• [Entries taken from a collection]:
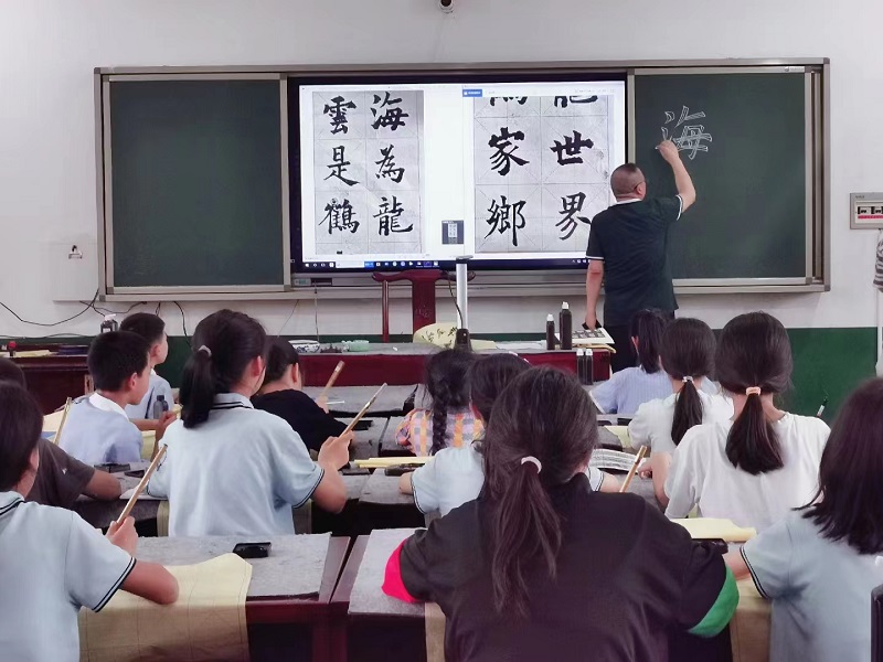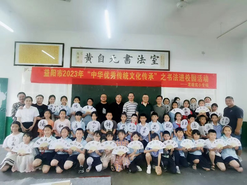 本网讯 6月25日,益阳市书法家协会组织的“中华优秀传统文化传承”之书法进校园活动在龙塘镇完小举行。 此次活动由益阳市书协主席团成员、安化县书法家协会主席王卫国,县书协副主席、黄自元书画院院长黄安石,县书协副主席兼秘书长彭凡卿,安化凤翥英才书法学校校长吴凤翥等一行到学校现场授课交流。龙塘完小校长王勋及爱好书法的师生共60余人参加。 本次活动分软笔和硬笔专场。王卫国亲自示范软笔书法,对黄自元楷书进行赏析讲解,并以“海为龙世界,云是鹤家乡”八个极具代表性、不同偏旁结构的字为例,传授基本笔画和书写技巧。
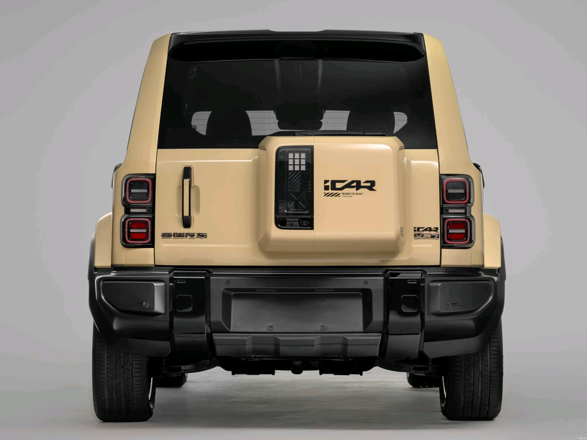 尾灯为竖向排列、侧开尾门、外挂式备胎和粗壮的后保险杠等,都是想带来视觉上的冲击力。
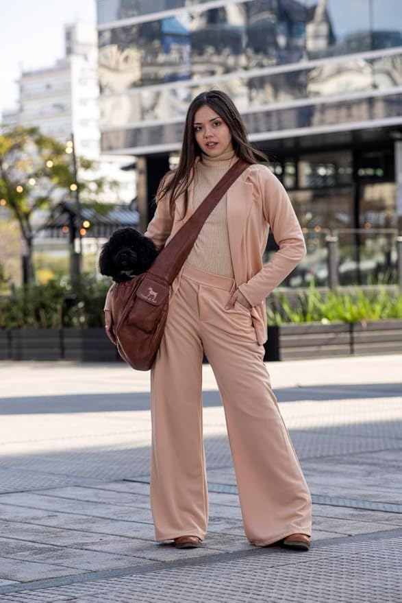 - Luxury dog sling carrier, fashioned from top-tier vegan leather. Designed with your convenience in mind, made with washable materials. This dog sling carrier combines style and practicality, to meet all your expectations.
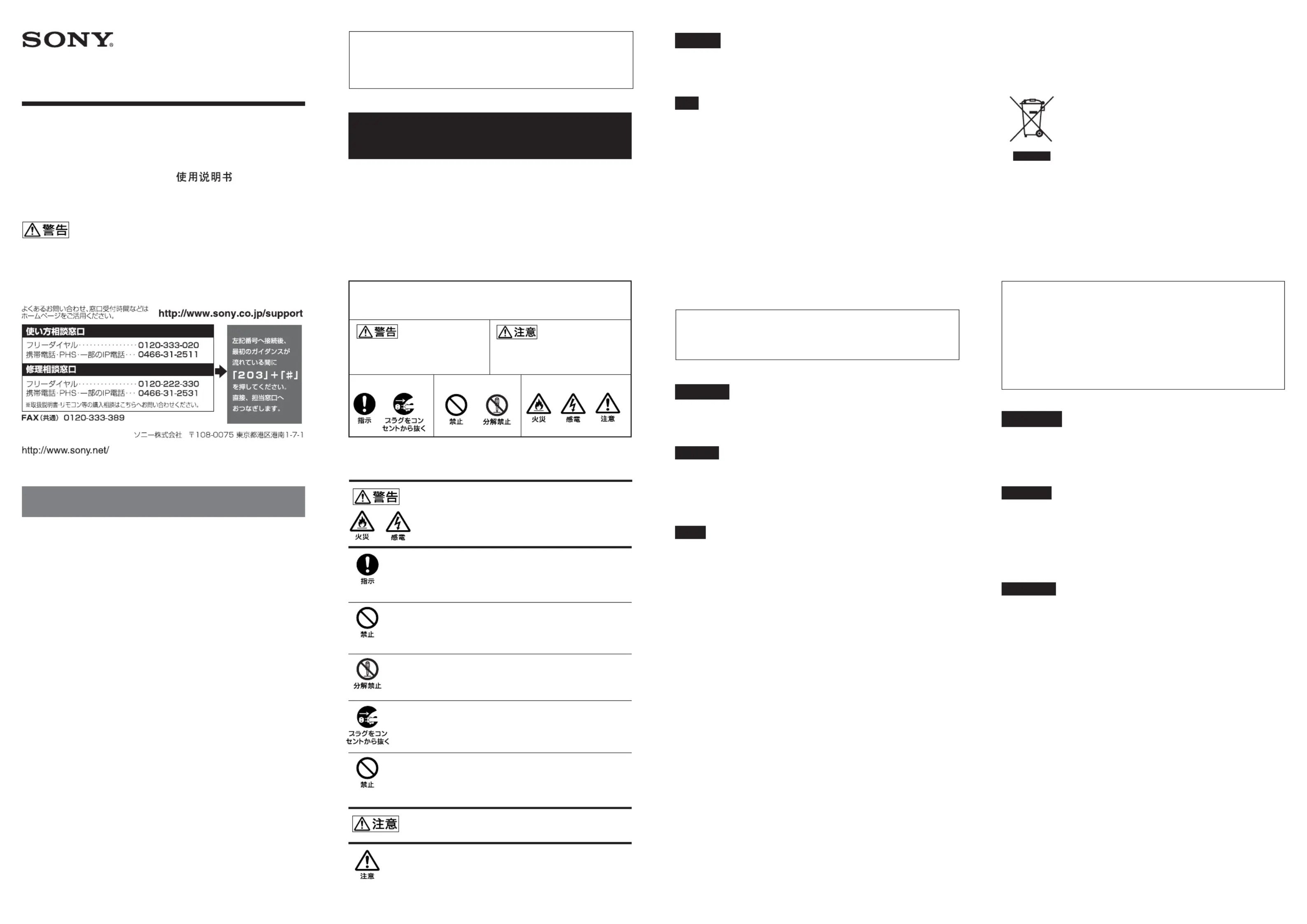 ソニー製品は安全に充分に配慮して設計されています。しかし、まち
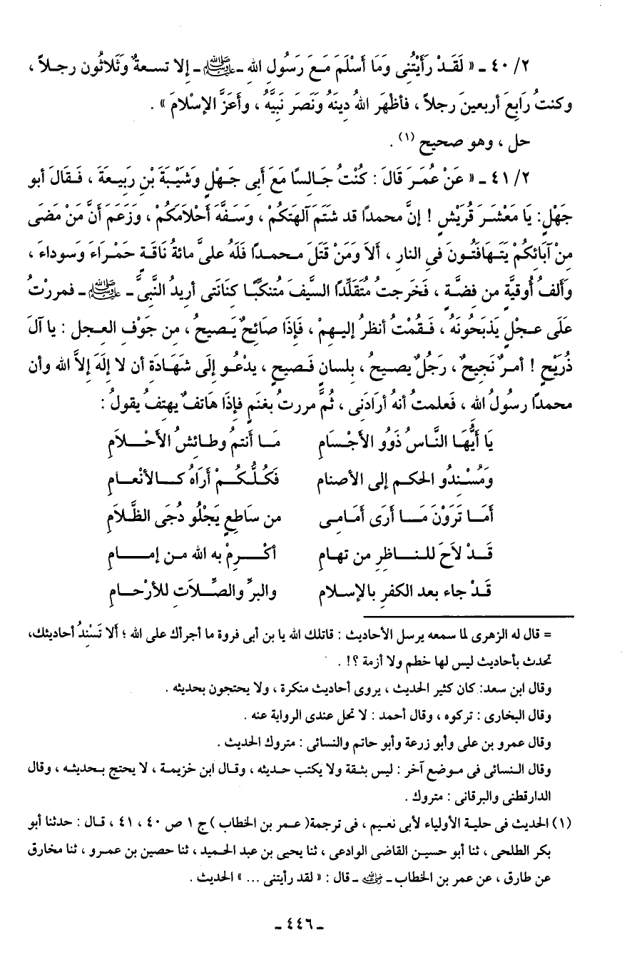 2/ 41 - "عَنْ عُمَرَ قَالَ: كُنْتُ جَالِسًا مَعَ أَبِى جَهْلٍ وَشَيْبَةَ بْنِ رَبِيعَةَ، فَقَالَ أبو جَهْلٍ: يَا مَعْشَرَ قُرَيْشٍ! إنَّ محمدًا قد شَتَمَ آلهَتكُمْ، وَسَفَّهَ أَحْلَامَكُمْ، وَزَعَمَ أَنَّ مَنْ مَضَى مِنْ آبَائِكُمْ يَتَهَافَتُونَ فيِ النارِ، أَلَا وَمَنْ قَتَلَ محمدًا فَلَهُ علىَّ مائةُ نَاقَةٍ حَمْرَاءَ وَسوداءَ، وَأَلفُ أُوقيَّةٍ من فِضَّةٍ، فَخَرجتُ مُتَقَلِّدًا السَّيفَ مُتنكِّبًا كِنَانَتى أرِيدُ النَّبِىَّ - صلى الله عليه وسلم - فمررْتُ عَلَى عجْلٍ يَذبَحُونَهُ، فَقُمْتُ أنظرُ إليهِمْ، فَإِذَا صَائِحٌ يَصيحُ، مِن جَوْفِ العِجل: يا آلَ ذُرَيْحٍ! أمرٌ نَجِيحٌ، رَجُلٌ يصيحُ، بِلسانٍ فَصيحٍ، يدْعُو إِلَى شَهَادَةِ أن لا إِلَهَ إِلَّا الله وأن محمدًا رسُولُ اللهِ، فَعلمتُ أنهُ أرَادَنِي، ثُمَّ مررتُ بغنَمٍ فإِذَا هَاتفٌ يهتِفُ يقولُ:

• [Exercise]: Every line above gets copied exactly; none of the pictures do.

• [Reply]:
 本网讯 6月25日,益阳市书法家协会组织的“中华优秀传统文化传承”之书法进校园活动在龙塘镇完小举行。 此次活动由益阳市书协主席团成员、安化县书法家协会主席王卫国,县书协副主席、黄自元书画院院长黄安石,县书协副主席兼秘书长彭凡卿,安化凤翥英才书法学校校长吴凤翥等一行到学校现场授课交流。龙塘完小校长王勋及爱好书法的师生共60余人参加。 本次活动分软笔和硬笔专场。王卫国亲自示范软笔书法,对黄自元楷书进行赏析讲解,并以“海为龙世界,云是鹤家乡”八个极具代表性、不同偏旁结构的字为例,传授基本笔画和书写技巧。
 尾灯为竖向排列、侧开尾门、外挂式备胎和粗壮的后保险杠等,都是想带来视觉上的冲击力。
 - Luxury dog sling carrier, fashioned from top-tier vegan leather. Designed with your convenience in mind, made with washable materials. This dog sling carrier combines style and practicality, to meet all your expectations.
 ソニー製品は安全に充分に配慮して設計されています。しかし、まち
 2/ 41 - "عَنْ عُمَرَ قَالَ: كُنْتُ جَالِسًا مَعَ أَبِى جَهْلٍ وَشَيْبَةَ بْنِ رَبِيعَةَ، فَقَالَ أبو جَهْلٍ: يَا مَعْشَرَ قُرَيْشٍ! إنَّ محمدًا قد شَتَمَ آلهَتكُمْ، وَسَفَّهَ أَحْلَامَكُمْ، وَزَعَمَ أَنَّ مَنْ مَضَى مِنْ آبَائِكُمْ يَتَهَافَتُونَ فيِ النارِ، أَلَا وَمَنْ قَتَلَ محمدًا فَلَهُ علىَّ مائةُ نَاقَةٍ حَمْرَاءَ وَسوداءَ، وَأَلفُ أُوقيَّةٍ من فِضَّةٍ، فَخَرجتُ مُتَقَلِّدًا السَّيفَ مُتنكِّبًا كِنَانَتى أرِيدُ النَّبِىَّ - صلى الله عليه وسلم - فمررْتُ عَلَى عجْلٍ يَذبَحُونَهُ، فَقُمْتُ أنظرُ إليهِمْ، فَإِذَا صَائِحٌ يَصيحُ، مِن جَوْفِ العِجل: يا آلَ ذُرَيْحٍ! أمرٌ نَجِيحٌ، رَجُلٌ يصيحُ، بِلسانٍ فَصيحٍ، يدْعُو إِلَى شَهَادَةِ أن لا إِلَهَ إِلَّا الله وأن محمدًا رسُولُ اللهِ، فَعلمتُ أنهُ أرَادَنِي، ثُمَّ مررتُ بغنَمٍ فإِذَا هَاتفٌ يهتِفُ يقولُ:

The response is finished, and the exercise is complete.